▸ **Provided information**:
________________________________________

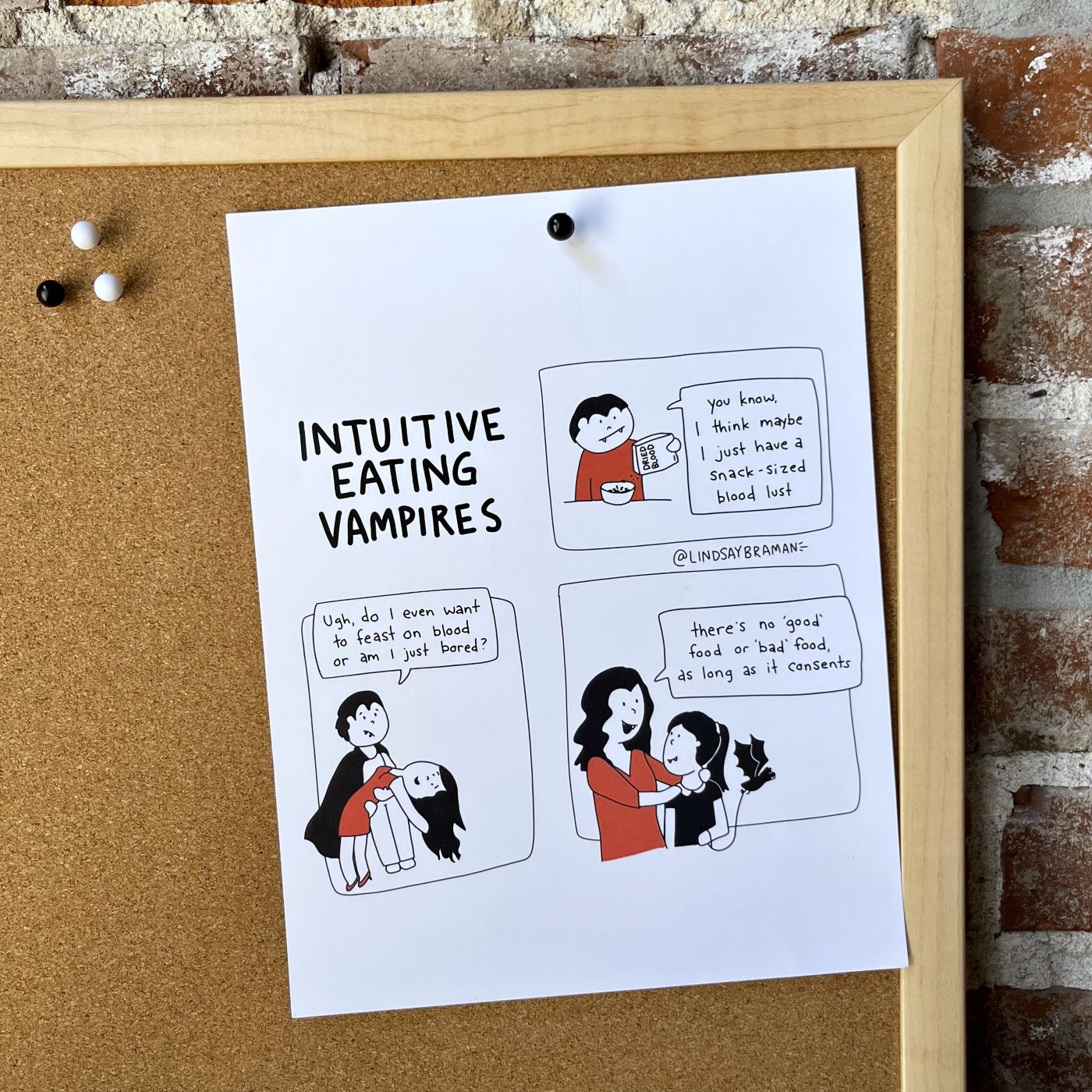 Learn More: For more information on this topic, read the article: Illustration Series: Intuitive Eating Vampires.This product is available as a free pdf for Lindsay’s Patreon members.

________________________________________

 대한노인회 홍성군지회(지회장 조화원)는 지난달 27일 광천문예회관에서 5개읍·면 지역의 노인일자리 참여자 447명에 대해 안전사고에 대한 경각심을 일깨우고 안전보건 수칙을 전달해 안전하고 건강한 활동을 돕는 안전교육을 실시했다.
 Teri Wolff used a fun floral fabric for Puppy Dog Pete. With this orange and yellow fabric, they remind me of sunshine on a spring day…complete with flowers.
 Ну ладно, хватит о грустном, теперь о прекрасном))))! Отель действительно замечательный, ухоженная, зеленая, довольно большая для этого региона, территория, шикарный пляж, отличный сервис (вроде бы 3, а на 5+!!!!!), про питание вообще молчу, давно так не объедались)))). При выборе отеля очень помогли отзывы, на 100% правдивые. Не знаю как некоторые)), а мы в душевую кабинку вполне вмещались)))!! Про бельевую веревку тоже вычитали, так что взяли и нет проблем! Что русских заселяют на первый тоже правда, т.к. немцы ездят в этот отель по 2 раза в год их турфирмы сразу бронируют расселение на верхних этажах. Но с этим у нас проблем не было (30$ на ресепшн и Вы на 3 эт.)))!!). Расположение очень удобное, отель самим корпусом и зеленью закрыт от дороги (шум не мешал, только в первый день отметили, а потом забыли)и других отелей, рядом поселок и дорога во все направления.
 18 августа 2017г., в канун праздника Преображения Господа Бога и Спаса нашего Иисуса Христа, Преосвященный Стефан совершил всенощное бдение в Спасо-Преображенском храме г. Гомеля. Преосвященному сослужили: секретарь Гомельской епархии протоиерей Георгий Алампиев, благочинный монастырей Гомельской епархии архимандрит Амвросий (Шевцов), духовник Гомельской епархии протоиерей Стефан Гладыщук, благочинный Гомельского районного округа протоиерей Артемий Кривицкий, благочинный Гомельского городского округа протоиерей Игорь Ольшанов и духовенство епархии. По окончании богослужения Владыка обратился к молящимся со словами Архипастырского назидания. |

________________________________________

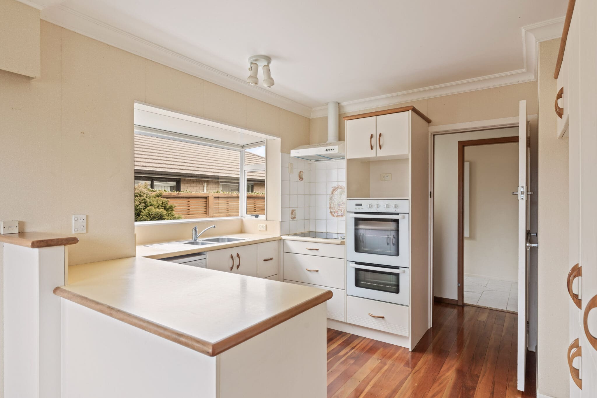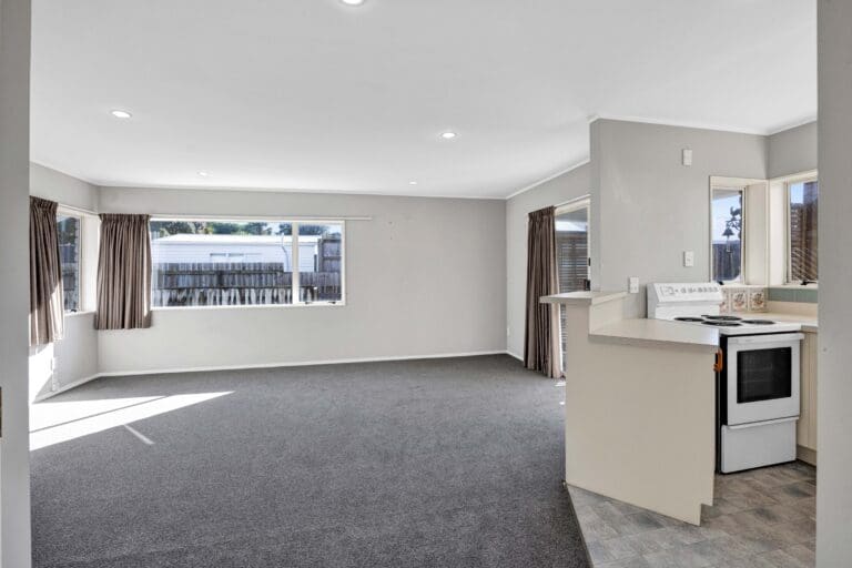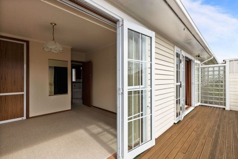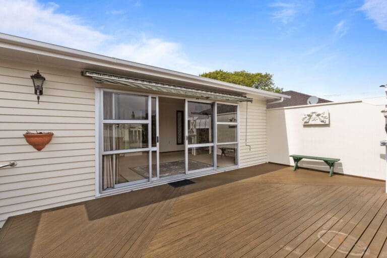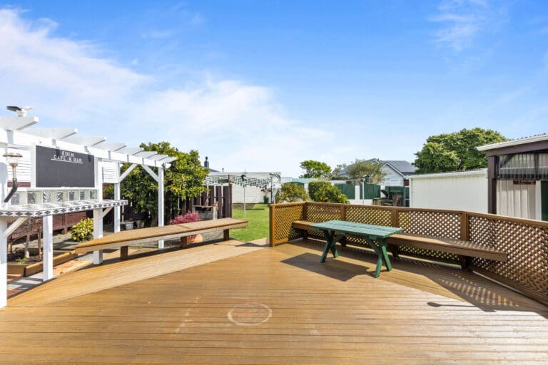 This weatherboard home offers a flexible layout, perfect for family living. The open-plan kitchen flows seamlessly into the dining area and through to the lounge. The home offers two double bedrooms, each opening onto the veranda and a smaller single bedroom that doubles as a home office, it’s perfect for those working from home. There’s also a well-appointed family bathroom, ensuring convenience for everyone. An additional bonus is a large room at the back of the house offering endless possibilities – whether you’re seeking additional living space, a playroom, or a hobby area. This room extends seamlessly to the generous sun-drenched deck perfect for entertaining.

________________________________________

▸ **Exercise description**: Beginning with the line containing "Teri Wolff used" and ending with the line containing "18 августа 2017г., в", extract those lines exactly from the listing above, and only those.

▸ **Response to this task**:
 Teri Wolff used a fun floral fabric for Puppy Dog Pete. With this orange and yellow fabric, they remind me of sunshine on a spring day…complete with flowers.
 Ну ладно, хватит о грустном, теперь о прекрасном))))! Отель действительно замечательный, ухоженная, зеленая, довольно большая для этого региона, территория, шикарный пляж, отличный сервис (вроде бы 3, а на 5+!!!!!), про питание вообще молчу, давно так не объедались)))). При выборе отеля очень помогли отзывы, на 100% правдивые. Не знаю как некоторые)), а мы в душевую кабинку вполне вмещались)))!! Про бельевую веревку тоже вычитали, так что взяли и нет проблем! Что русских заселяют на первый тоже правда, т.к. немцы ездят в этот отель по 2 раза в год их турфирмы сразу бронируют расселение на верхних этажах. Но с этим у нас проблем не было (30$ на ресепшн и Вы на 3 эт.)))!!). Расположение очень удобное, отель самим корпусом и зеленью закрыт от дороги (шум не мешал, только в первый день отметили, а потом забыли)и других отелей, рядом поселок и дорога во все направления.
 18 августа 2017г., в канун праздника Преображения Господа Бога и Спаса нашего Иисуса Христа, Преосвященный Стефан совершил всенощное бдение в Спасо-Преображенском храме г. Гомеля. Преосвященному сослужили: секретарь Гомельской епархии протоиерей Георгий Алампиев, благочинный монастырей Гомельской епархии архимандрит Амвросий (Шевцов), духовник Гомельской епархии протоиерей Стефан Гладыщук, благочинный Гомельского районного округа протоиерей Артемий Кривицкий, благочинный Гомельского городского округа протоиерей Игорь Ольшанов и духовенство епархии. По окончании богослужения Владыка обратился к молящимся со словами Архипастырского назидания. |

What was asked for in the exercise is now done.